__TASK BRIEF__
Restate word for word the lines of the material below, from the line with "인터넷총국 (홈페이지 http://data.rutc.com)" to the line with "A delicate and", both lines included, and no others.

__SOURCE MATERIAL__
--- START ---

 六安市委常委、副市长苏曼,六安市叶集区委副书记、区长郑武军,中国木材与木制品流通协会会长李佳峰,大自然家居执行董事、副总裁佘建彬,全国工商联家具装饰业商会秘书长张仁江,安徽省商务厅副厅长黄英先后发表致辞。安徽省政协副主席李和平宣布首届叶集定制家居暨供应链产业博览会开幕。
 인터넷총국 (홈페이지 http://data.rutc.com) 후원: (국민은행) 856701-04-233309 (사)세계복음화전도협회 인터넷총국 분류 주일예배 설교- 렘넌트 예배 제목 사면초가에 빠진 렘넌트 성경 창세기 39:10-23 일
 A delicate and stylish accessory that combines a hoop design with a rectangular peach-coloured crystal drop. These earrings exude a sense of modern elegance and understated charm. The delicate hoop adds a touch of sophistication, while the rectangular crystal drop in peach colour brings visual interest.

--- END ---
--- START ---

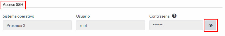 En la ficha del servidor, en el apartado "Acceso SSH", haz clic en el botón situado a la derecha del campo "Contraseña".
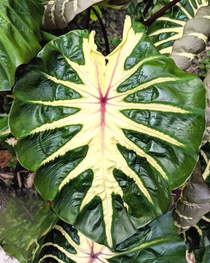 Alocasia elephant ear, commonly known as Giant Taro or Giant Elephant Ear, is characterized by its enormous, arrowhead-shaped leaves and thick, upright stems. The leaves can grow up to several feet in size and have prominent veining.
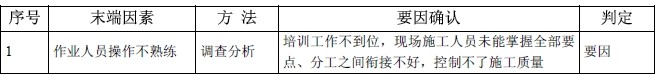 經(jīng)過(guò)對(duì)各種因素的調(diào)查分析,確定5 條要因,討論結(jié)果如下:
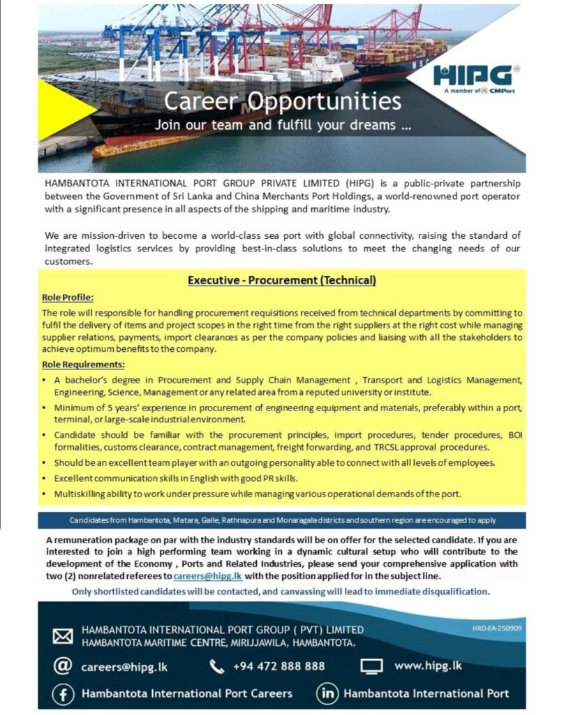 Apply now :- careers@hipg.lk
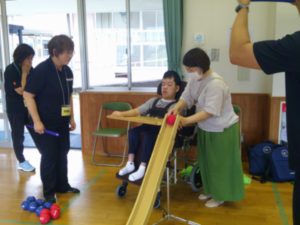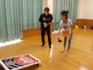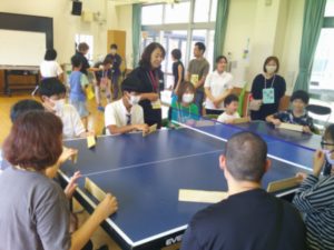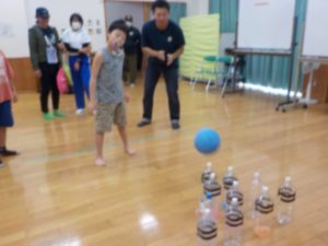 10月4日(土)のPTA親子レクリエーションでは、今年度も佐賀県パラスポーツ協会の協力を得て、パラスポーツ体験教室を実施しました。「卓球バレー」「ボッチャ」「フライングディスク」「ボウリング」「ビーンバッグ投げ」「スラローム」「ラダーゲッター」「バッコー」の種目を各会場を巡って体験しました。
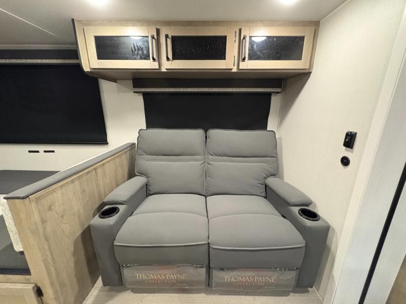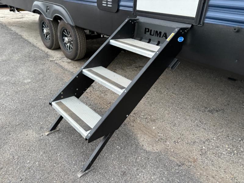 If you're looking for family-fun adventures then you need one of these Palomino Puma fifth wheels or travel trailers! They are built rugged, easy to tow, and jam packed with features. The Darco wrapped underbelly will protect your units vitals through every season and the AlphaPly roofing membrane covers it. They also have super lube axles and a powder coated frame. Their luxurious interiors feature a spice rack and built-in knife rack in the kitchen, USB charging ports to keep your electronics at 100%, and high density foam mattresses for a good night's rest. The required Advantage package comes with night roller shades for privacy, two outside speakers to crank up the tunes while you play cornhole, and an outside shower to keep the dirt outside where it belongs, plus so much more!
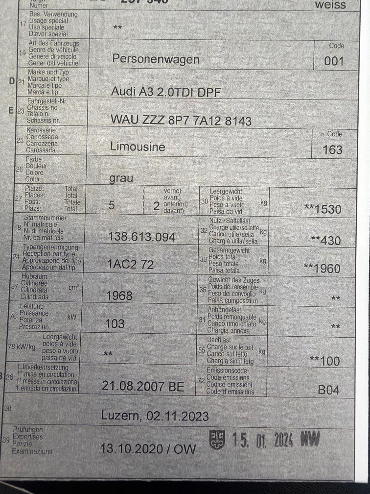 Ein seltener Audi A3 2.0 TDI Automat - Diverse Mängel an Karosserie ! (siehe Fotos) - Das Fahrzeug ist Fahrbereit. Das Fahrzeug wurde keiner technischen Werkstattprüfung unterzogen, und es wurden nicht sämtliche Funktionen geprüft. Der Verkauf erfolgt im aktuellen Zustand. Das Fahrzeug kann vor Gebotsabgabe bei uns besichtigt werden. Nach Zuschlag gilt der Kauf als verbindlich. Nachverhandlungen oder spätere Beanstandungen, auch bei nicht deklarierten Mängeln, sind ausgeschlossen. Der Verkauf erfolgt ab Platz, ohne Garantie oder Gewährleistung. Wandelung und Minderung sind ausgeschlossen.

--- END ---

__ANSWER SPACE__
 인터넷총국 (홈페이지 http://data.rutc.com) 후원: (국민은행) 856701-04-233309 (사)세계복음화전도협회 인터넷총국 분류 주일예배 설교- 렘넌트 예배 제목 사면초가에 빠진 렘넌트 성경 창세기 39:10-23 일
 A delicate and stylish accessory that combines a hoop design with a rectangular peach-coloured crystal drop. These earrings exude a sense of modern elegance and understated charm. The delicate hoop adds a touch of sophistication, while the rectangular crystal drop in peach colour brings visual interest.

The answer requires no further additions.